| |
Review by Peter Bradshaw, The Guardian
|
|
Nothing in director Julian Schnabel's career so far has
anticipated the sweetness, sadness, maturity and restraint
of this lovely movie. It is a very moving and deeply satisfying
version of the bestselling 1997 memoir by Jean-Dominique
Bauby, the 43-year-old Parisian fashion magazine editor
who, at the very height of wealth, health and success
was paralysed by a stroke and suffered from "locked-in
syndrome". He could hear and see perfectly, but could
not move or speak. The thing he could do was blink his
left eyelid and, with ferocious effort, learned to blink
in a special alphabet-code and by this means "dictate"
his extraordinary memoir. Bauby was submerged in a diving
bell of physical immobility: that precious, fluttering
eyelid was a butterfly of freedom and hope.

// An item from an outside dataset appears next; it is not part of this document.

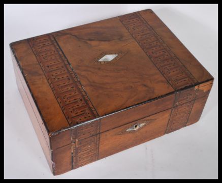 A 19th Century Victorian Tunbridge ware wooden sewing box having banded wooden inlay and mother of pearl inlay to the top, having a compartmentalised interior. 13cm high 30cm wide.

Armed with Ronald Harwood's robust screenplay, Schnabel
has applied his visual sense to create a distinctive look
and feel for his movie, part magic lantern, part hallucinatory
fuzz, a watery depth from which float up memories and
reveries, fantastical constructions and visions. It is
only in the past and in fantasy that Bauby can escape
his condition. These images drift past his field of vision,
and sequences of almost narcotic melancholy or indeterminacy
will suddenly snap shut as we are forced back into clinical
reality. Schnabel moves with seamless assurance from Bauby's
agonised, bedridden point-of-view to the third-person
camera positions showing us the ruined invalid, images
whose objectivity is conditioned by Bauby's fiercely unsentimental
sense of self.
He is played by Mathieu Amalric: an actor with one of
the most beguiling screen faces: cherubic, ironic, sensual.
When a flashback shows him in his pomp, breezing into
a fashion shoot, dishevelled and unshaven as only a very
celebrated or handsome man can afford to be, he radiates
well-being.
Amalric is a tremendous screen actor; it may be that his
forthcoming elevation to Bond villain in the new 007 film
will bring him to a wider audience; I hope it does not
caricature his style. This is a wonderful performance.
As for Schnabel, it is an exhilarating breakthrough, and
for screenwriter Ronald Harwood the movie is another triumph
of responsive, creative intelligence.